Cemiyet –i Akvam’ın azınlıkları koruma sistemi, paradoksal biçimde, azınlıklara iyi gözle bakılmadığı bir dönemde kurulmuştu. O dönemin yeni düzeninin kurucularından Wilson, 1919 Paris Konferansında bakın ne düstur buyurmuş: “toprakların, o topraklarda yaşayan ahalinin ırkına, etnik karakterine göre hakça üleştirilmesi.” O dönemin yeni dünya düzeninde uluslar, toprak esasına göre değil, etnik ya da kültürel bütünlük olarak düşünülmüş. ABD ile İngiltere, iki liberal (!) canavar, uygun gördükleri yerlerde, Fransız devriminin öngördüğü vatandaşlığı nerdeyse kavimdaşlığa indirgeyince, yerlerinden oyna(tıla)mayan azınlıkları korumak ihtiyacı ortaya çıkmış. Yunanistan ile Türkiye’nin de bu yeni düzenden soyutlanmaları mümkün olmamış elbette. İkinci Dünya Savaşından sonra kurulan BM sistemi eşit vatandaşlığı öne çıkarmıştır, zamanla azınlık kavramını da içine alan şekilde. Günümüzün demokrasi ve insan hakları standartları, azınlıklara (ve azınlıkta olanlara) yabancı unsurlarmış gibi değil, yerli zenginlik olarak bakılmasını gerektirmektedir.
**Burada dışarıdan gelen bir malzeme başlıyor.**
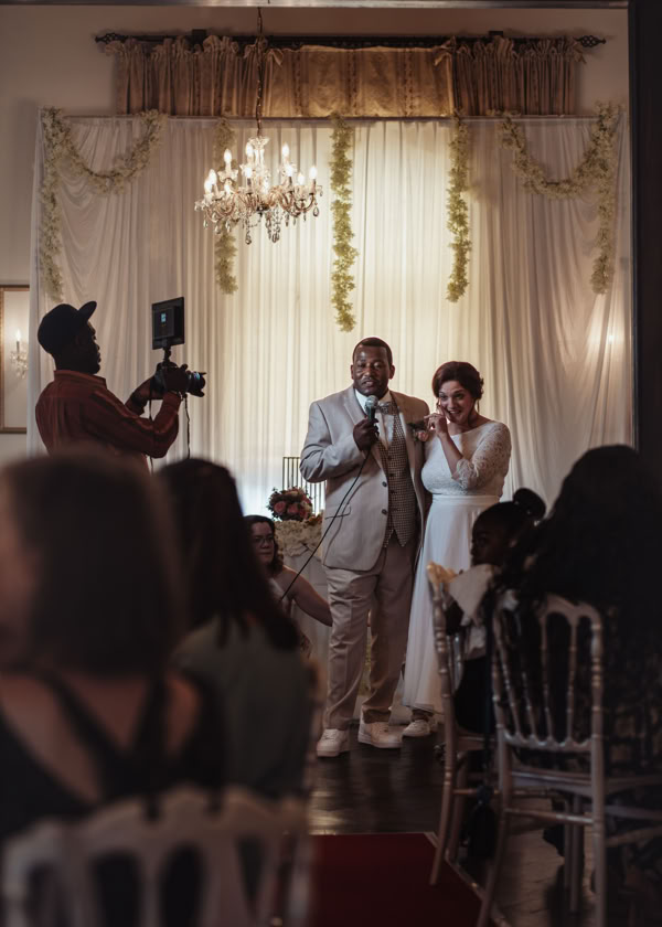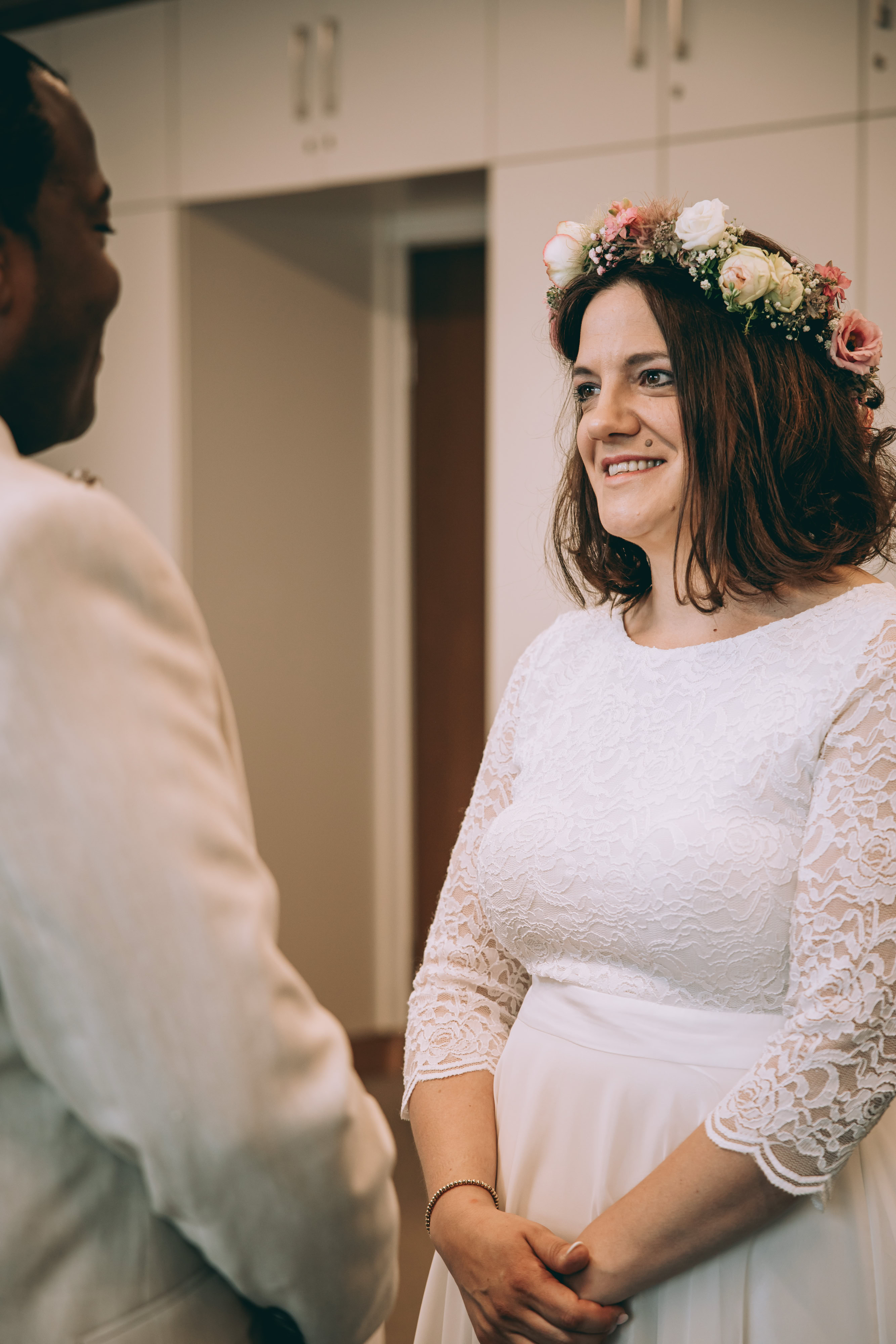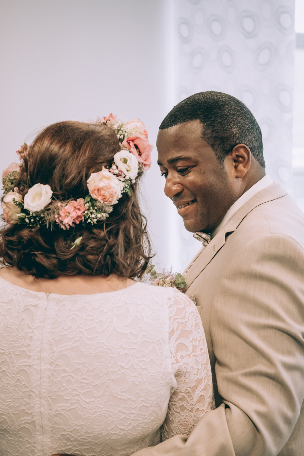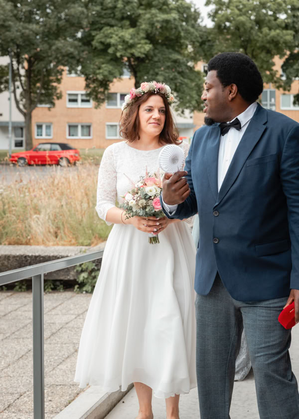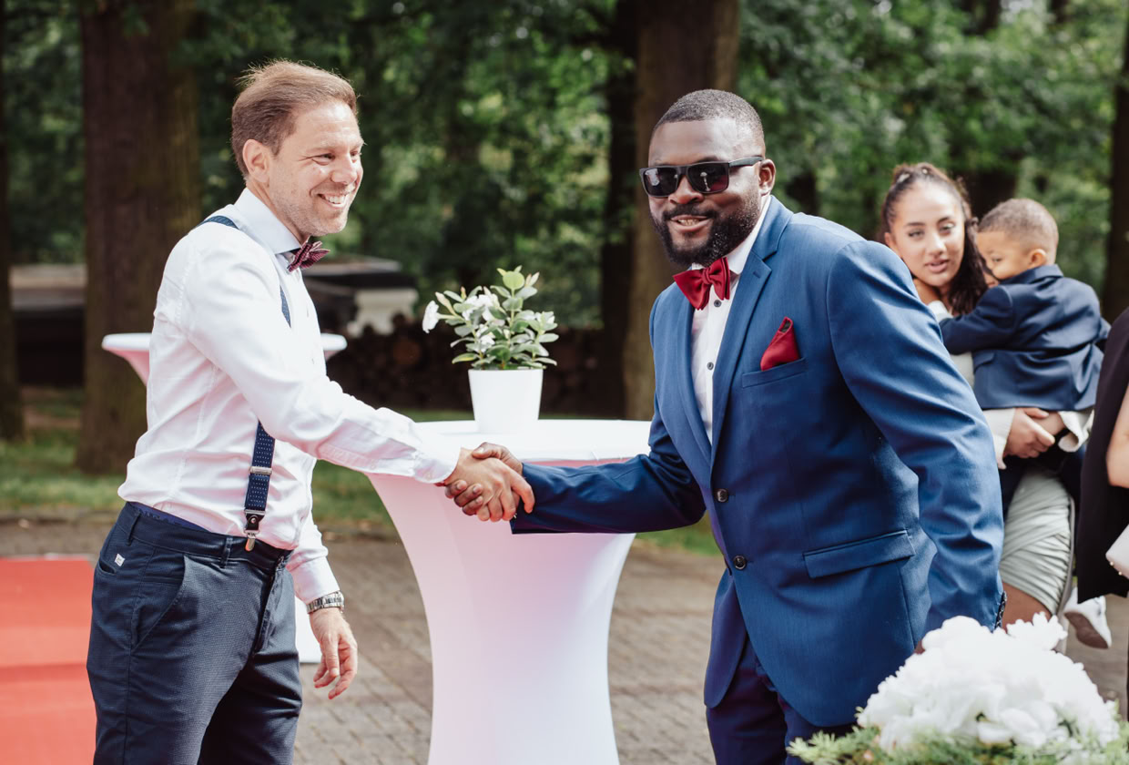 Die Hochzeitszeremonie fand im Standesamt Bedburg statt, wo Dombel bereits im Trauzimmer auf seine bezaubernde Braut Michele wartete. Begleitet von Dombels Mutter und unter den sehnsüchtigen Blicken der Gäste betrat Michele den Raum, und der Moment der Vereinigung zweier Menschen voller Liebe und Freude wurde festgehalten.

Bu çerçevede Lozan antlaşması çağına göre ilerici hükümler içerir. Ancak bugün azınlık hakları hukuku daha da ileriye gitmiştir. Yunanistan Türklerinin çeşitli haklarını korumak bakımından Lozan’ın yanısıra, uluslararası azınlık hakları hükümleri, AB mevzuatı ve Avrupa İnsanları Mahkemesi dayanak oluşturmaktadır. Bütün bu hukuki gelişmeyi, ilgili tarafların, Lozan’ı daha özgürlükçü yorumlamak, uygulamak için bir vesile olarak görmeleri beklenir. Bizim açımızdan, Lozan’ı değiştirmek yerine üstüne koymak gerekir.
Lozan Türkiye Cumhuriyeti’nin uluslararası hukuk matriksidir. Lozan uygulandıkça gençleşir, güncelleşir, her 24 Temmuz’da adeta yeniden doğar.